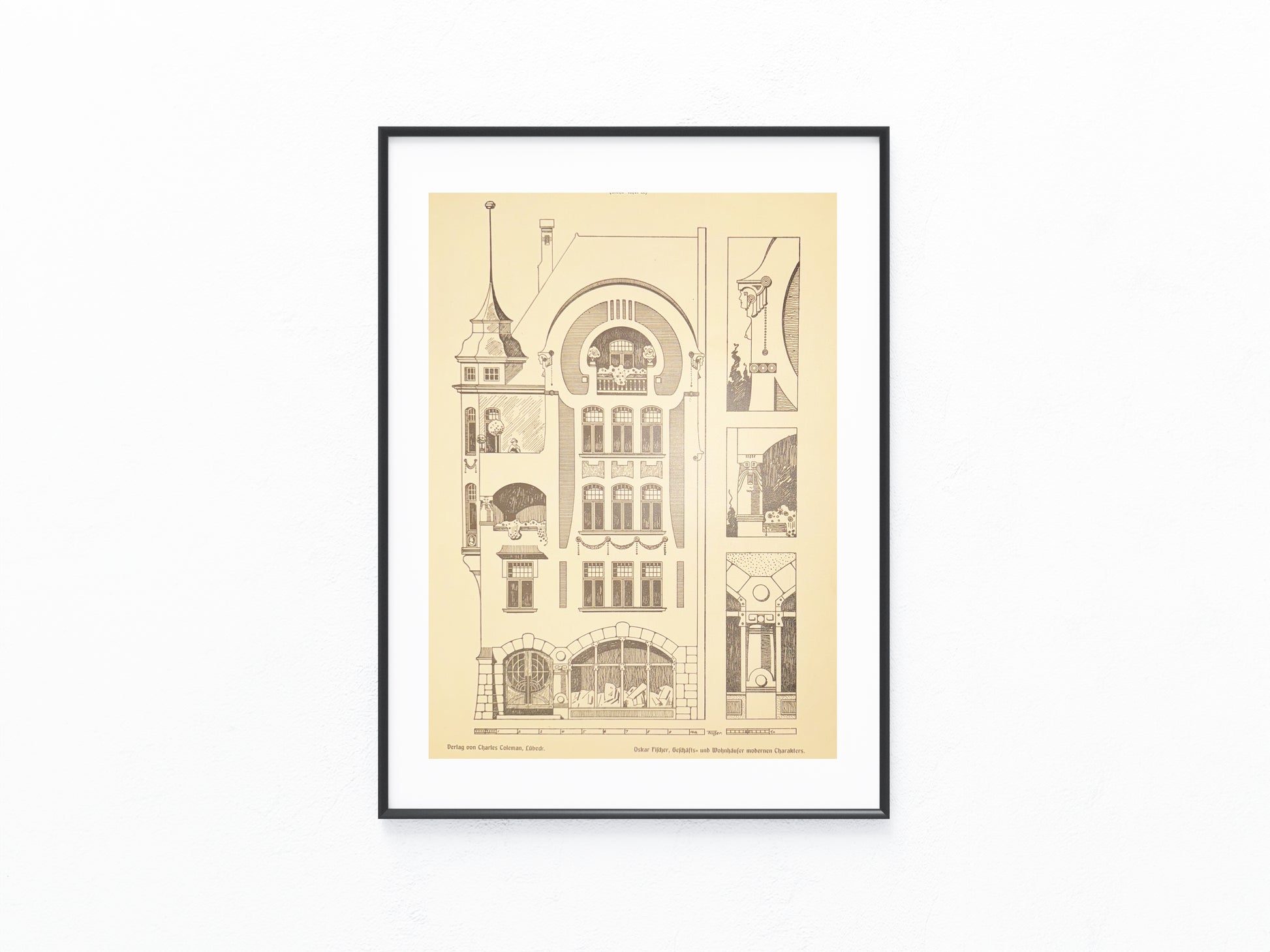 Fein ausgearbeitete Architektur-Tafel „Eckhaus“, um 1900 erschienen im Verlag Charles Coleman, Lübeck. Gezeigt wird ein markantes Jugendstil-Eckgebäude mit asymmetrischer Fassade, hohen Rundbogenöffnungen, Türmchen und dekorativen Details. Ergänzend sind Ornamentstudien und architektonische Details abgebildet – ein eindrucksvolles Beispiel der Baukunst dieser Epoche.
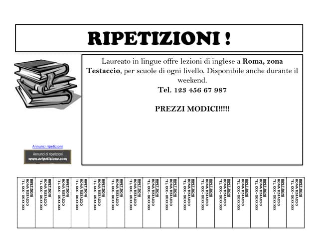 Esempi Di Volantini Per Ripetizioni. Visita skuola.net ripetizioni e scopri come prenotare lezioni private online o nella tua città o iscriversi come insegnante e dare ripetizioni a tutti gli studenti e ragazzi iscritti. Laureanda in lingue, culture, letterature e traduzione alla sapienza, impartisce lezioni private a casa, in università o in luoghi pubblici( biblioteche, librerie ecc…) di inglese, tedesco, italiano e francese per ripetizioni, recupero debiti e preparazione ai test di ammissione. Ecco 5 dritte che ti aiuteranno a trovare nuovi allievi per la tua attività di tutoraggio.
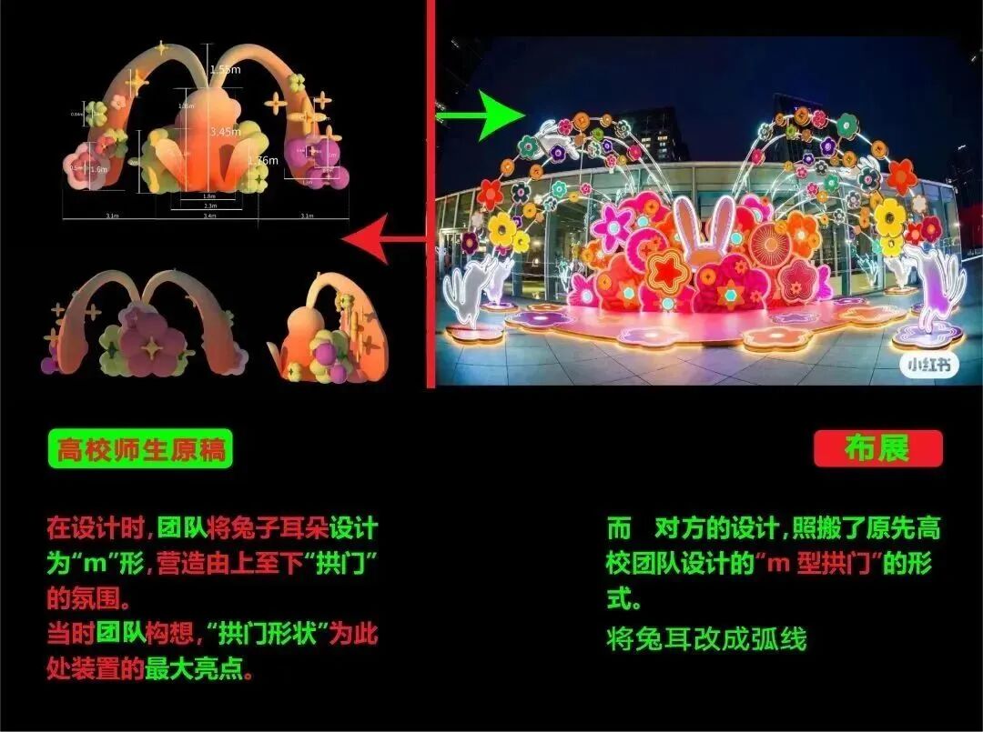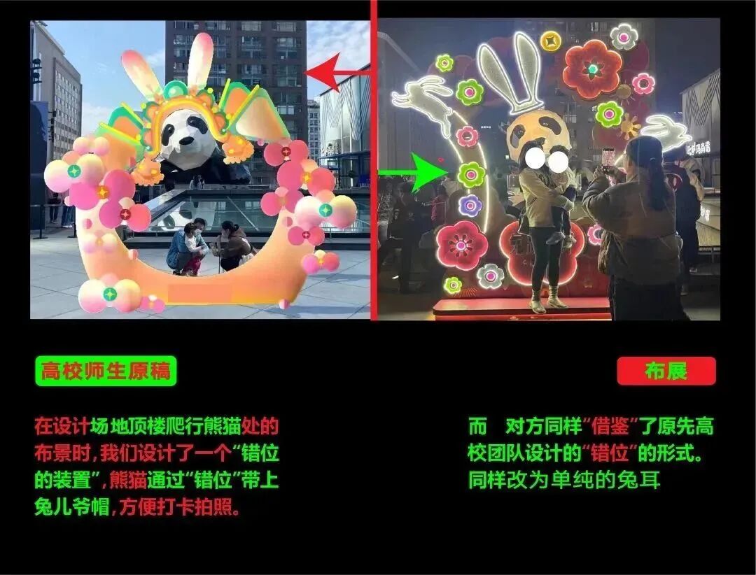 但前几天(2023春节期间),高校设计团队发现某熊猫今年落地的灯组从概念、点位、结构、造型和元素上,都和团队之前的设计方案高度相似,尝试沟通后无果。团队认为,对于这种无视在地文化,跳单不尊重知识产权的行为,应同时将其公之于众。
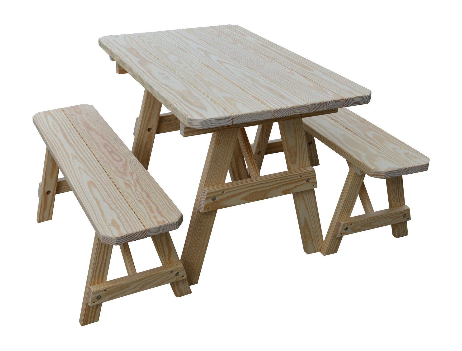 A&L Furniture Co. Pressure Treated Pine 4' Traditional Table w/2 Benches - LEAD TIME TO SHIP 10 BUSINESS DAYS
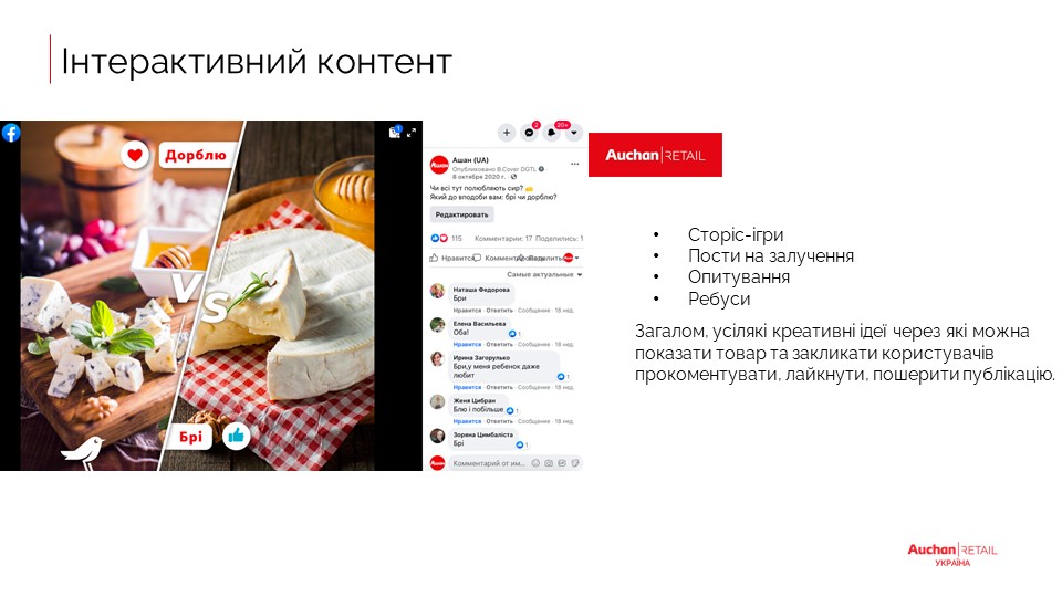 Интерактивный контент – еще одна примета новой реальности. Он может быть самым разным в зависимости от поставленных целей. Например, таргетированная реклама. Когда запускали Ашан Pick Up Point в новом жилом комплексе, сначала провели опрос среди его жителей на предмет желаемого ассортимента товаров. Эта быстрая обратная связь помогла соответствовать ожиданиям клиентов.
++++++++++++++++++++
=== TASK REQUIREMENTS ===
The reply should consist of the listing restated word for word, with its pictures removed.

=== EXERCISE RESPONSE ===
 Fein ausgearbeitete Architektur-Tafel „Eckhaus“, um 1900 erschienen im Verlag Charles Coleman, Lübeck. Gezeigt wird ein markantes Jugendstil-Eckgebäude mit asymmetrischer Fassade, hohen Rundbogenöffnungen, Türmchen und dekorativen Details. Ergänzend sind Ornamentstudien und architektonische Details abgebildet – ein eindrucksvolles Beispiel der Baukunst dieser Epoche.
 Esempi Di Volantini Per Ripetizioni. Visita skuola.net ripetizioni e scopri come prenotare lezioni private online o nella tua città o iscriversi come insegnante e dare ripetizioni a tutti gli studenti e ragazzi iscritti. Laureanda in lingue, culture, letterature e traduzione alla sapienza, impartisce lezioni private a casa, in università o in luoghi pubblici( biblioteche, librerie ecc…) di inglese, tedesco, italiano e francese per ripetizioni, recupero debiti e preparazione ai test di ammissione. Ecco 5 dritte che ti aiuteranno a trovare nuovi allievi per la tua attività di tutoraggio.
 但前几天(2023春节期间),高校设计团队发现某熊猫今年落地的灯组从概念、点位、结构、造型和元素上,都和团队之前的设计方案高度相似,尝试沟通后无果。团队认为,对于这种无视在地文化,跳单不尊重知识产权的行为,应同时将其公之于众。
 A&L Furniture Co. Pressure Treated Pine 4' Traditional Table w/2 Benches - LEAD TIME TO SHIP 10 BUSINESS DAYS
 Интерактивный контент – еще одна примета новой реальности. Он может быть самым разным в зависимости от поставленных целей. Например, таргетированная реклама. Когда запускали Ашан Pick Up Point в новом жилом комплексе, сначала провели опрос среди его жителей на предмет желаемого ассортимента товаров. Эта быстрая обратная связь помогла соответствовать ожиданиям клиентов.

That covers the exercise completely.